▸ DESCRIPTION OF THE TASK
A faithful copy is required: retype the records from their first line through the line with "试听学员因特殊情况无法参与,可在 前台-试听 重新选择试听。", and omit the pictures.

________________

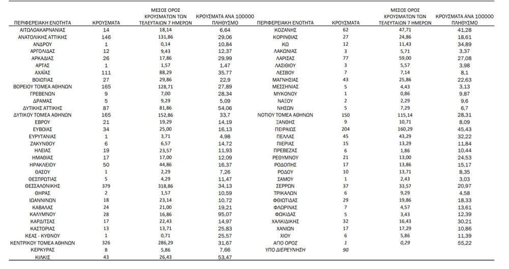 Με βάση τα επιβεβαιωμένα κρούσματα των τελευταίων 7 ημερών, 99 θεωρούνται σχετιζόμενα με ταξίδι από το εξωτερικό και 2.978 είναι σχετιζόμενα με ήδη γνωστό κρούσμα.
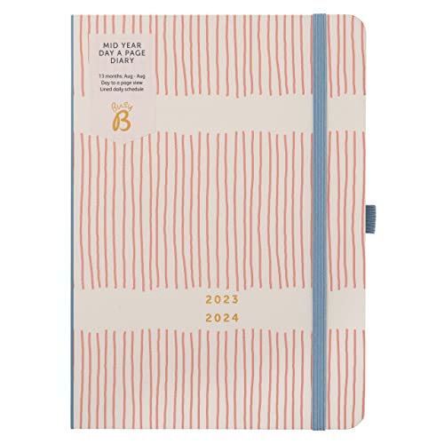 Busy B Mid Year Day a Page Diary Augusti 2023 - Augusti 2024 - Rosa rand - A5 Daglig planerare med pennhållare, elastisk stängning och årsplanerare
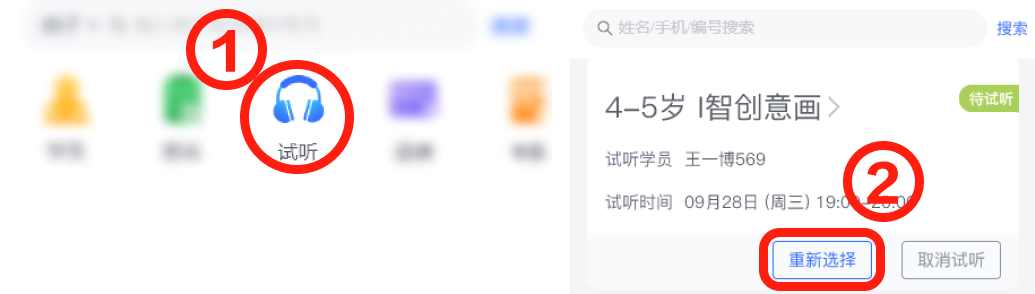 试听学员因特殊情况无法参与,可在 前台-试听 重新选择试听。
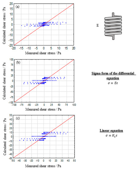 Calculated vs. measured shear stresses plot for a simple spring for describing the viscoelastic properties of 2% (a), 5% (b), and 8% (c) alginate solutions.
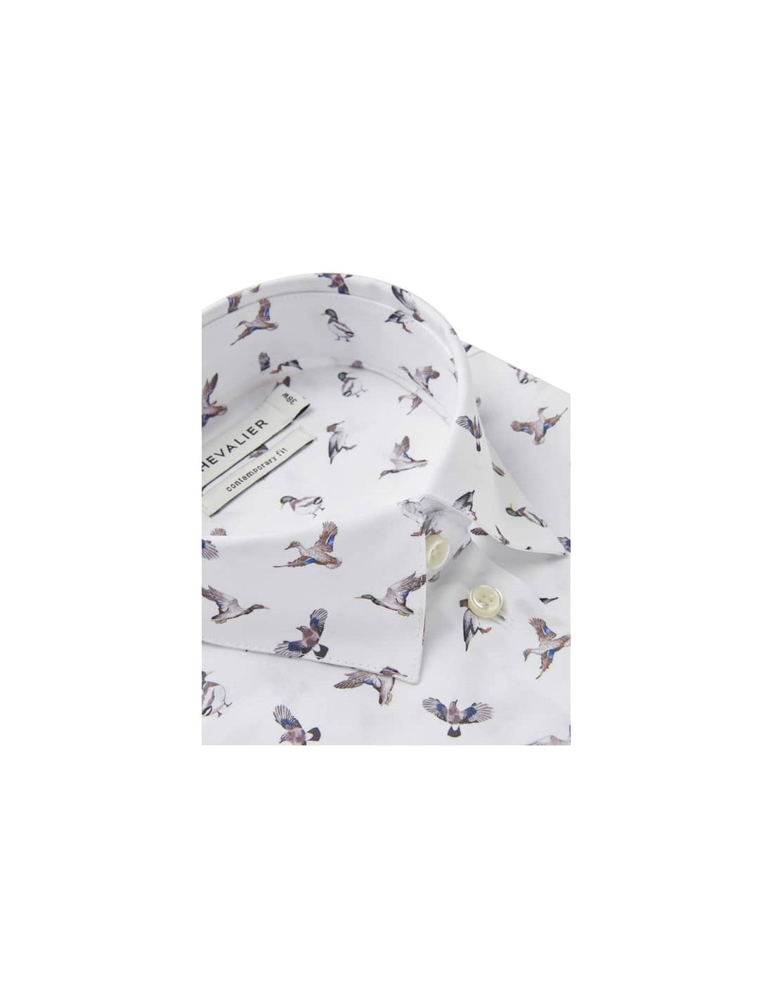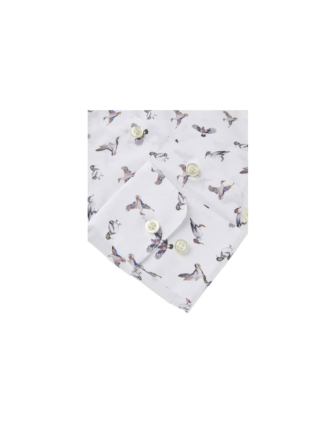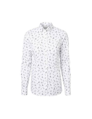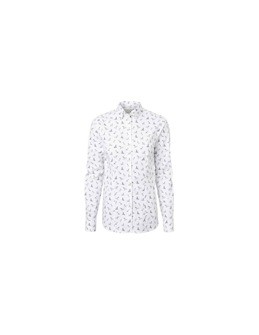 Ekologisk bomull med inblandning av elastan vilket ger stretch, rörlighet och komfort. Skjortan har ett vackert och unikt print. Kragsnibbarna hålls på plats med dolda knappar på undersidan av kragen. Modellen är något figursydd, lite insvängd i midjan, och konstruerad med en kvinnlig passform. Skjortan har extra många knappar på knappslån för att minska risken att skjortan glipar.
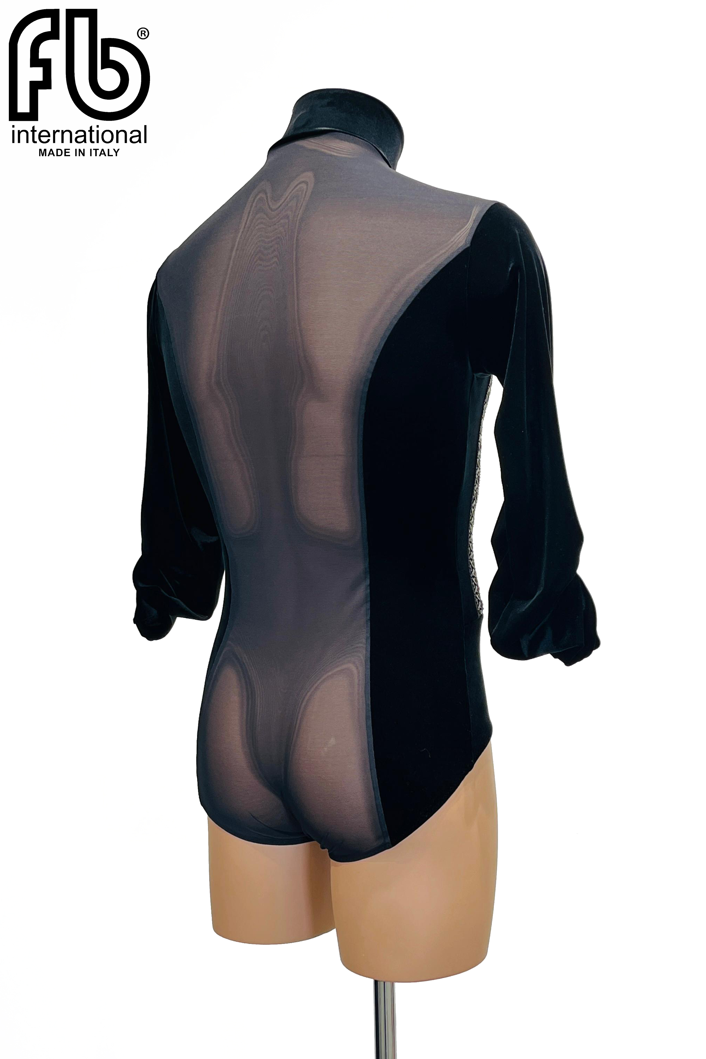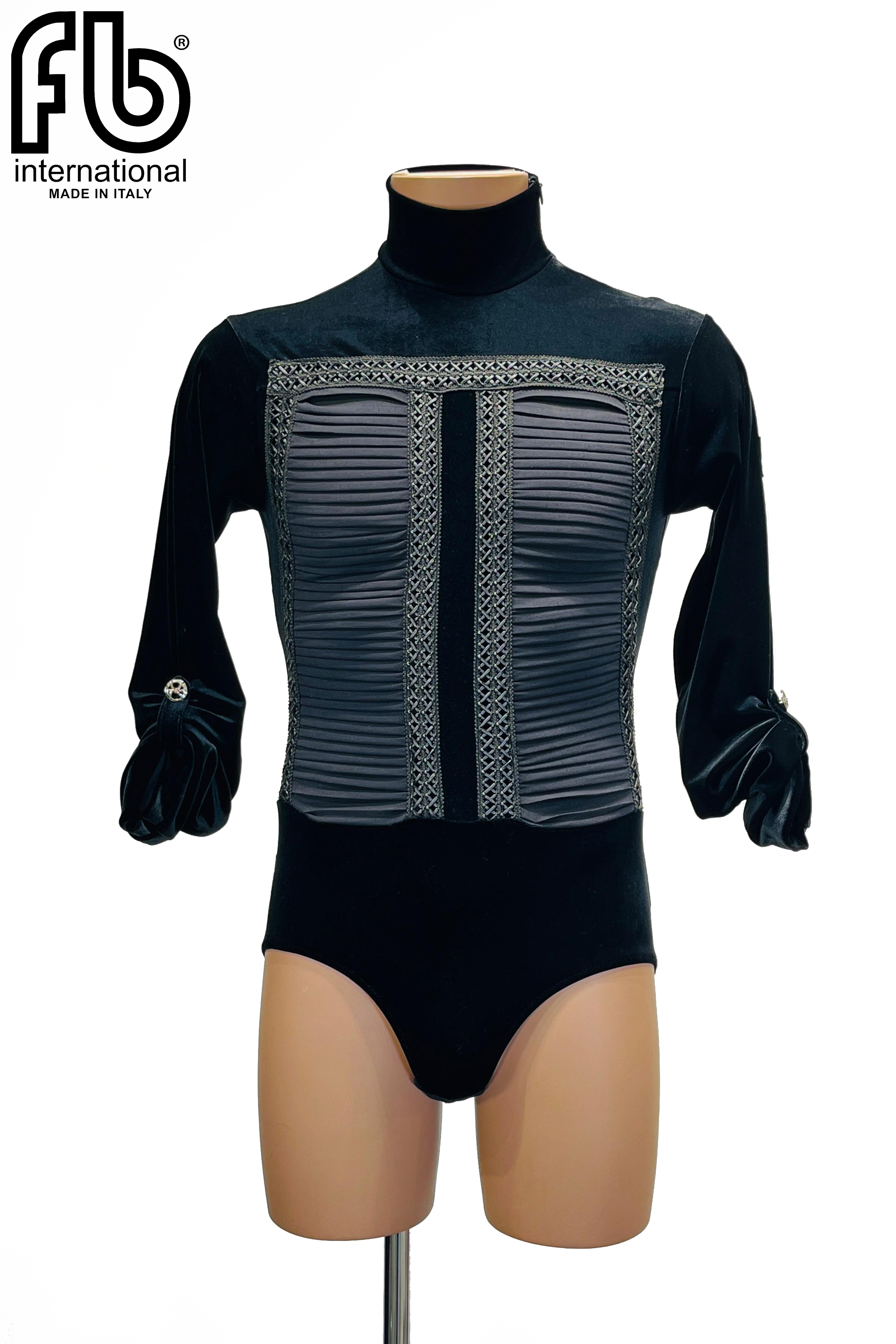 Men's turtleneck for Latin dances made of velvet with pleating on the chest and 3/4 length sleeve.
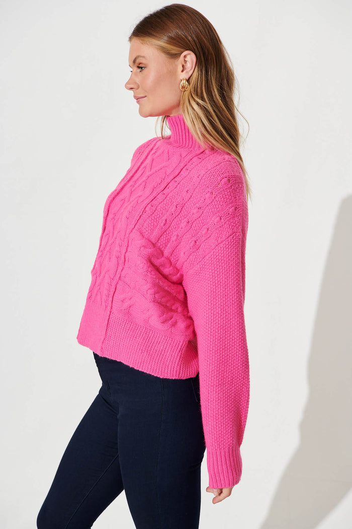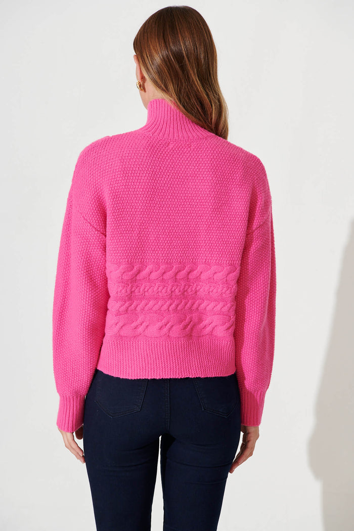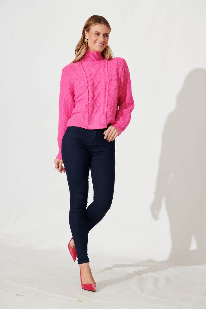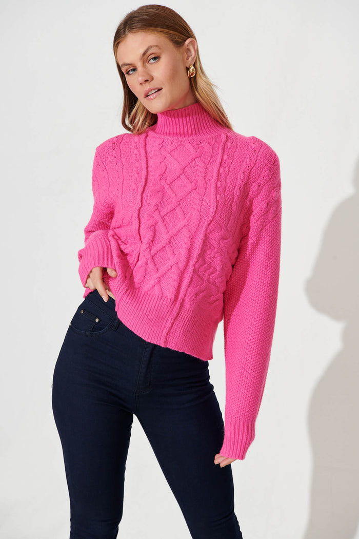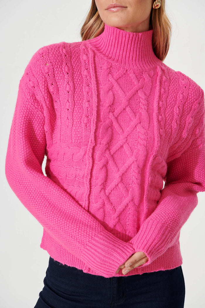 Channel those winter vibes in our Carino Knit! Its slouchy fit, cable knit and high neck make it the perfect knit for those extra cold mornings! Style with skinny jeans and a chunky knit scarf for a cute but cosy look!
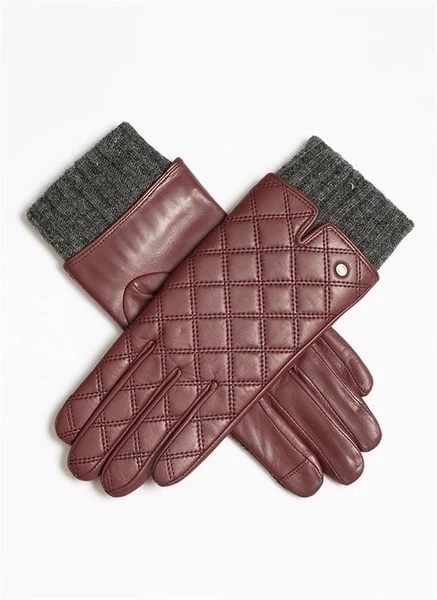 Women's Quilted Leather Gloves with Knitted Cuffs
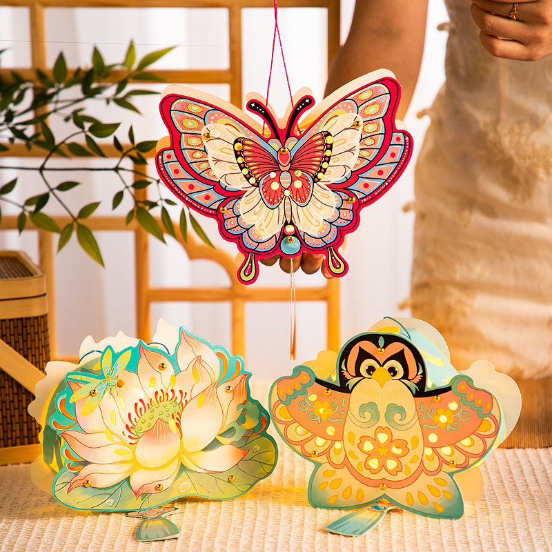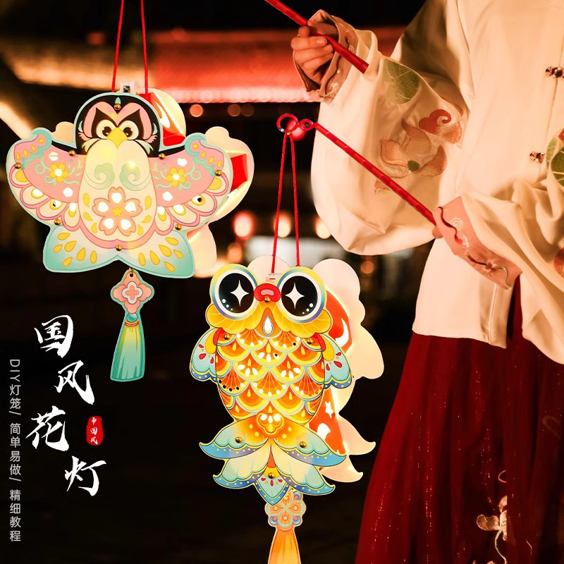 2025中秋节灯笼莲花儿童手工DIY材料小花灯手提发光古风宫灯国潮
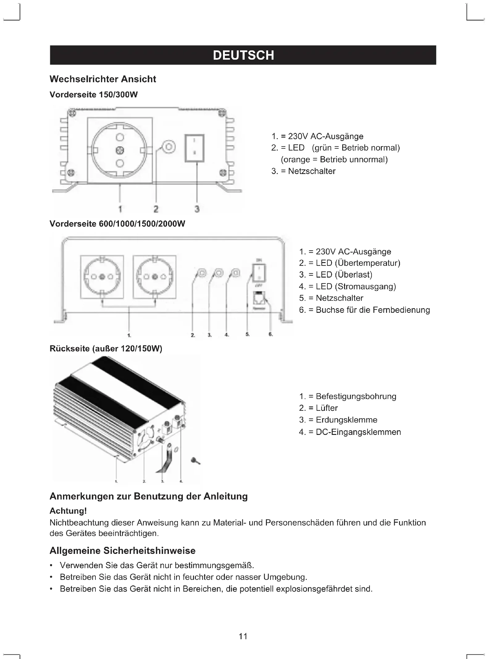 CAUTION11 DEUTSCH Wechselrichter Ansicht Vorderseite 150/300W 1.=230VAC-Ausgänge

________________

▸ ANSWER SPACE
 Με βάση τα επιβεβαιωμένα κρούσματα των τελευταίων 7 ημερών, 99 θεωρούνται σχετιζόμενα με ταξίδι από το εξωτερικό και 2.978 είναι σχετιζόμενα με ήδη γνωστό κρούσμα.
 Busy B Mid Year Day a Page Diary Augusti 2023 - Augusti 2024 - Rosa rand - A5 Daglig planerare med pennhållare, elastisk stängning och årsplanerare
 试听学员因特殊情况无法参与,可在 前台-试听 重新选择试听。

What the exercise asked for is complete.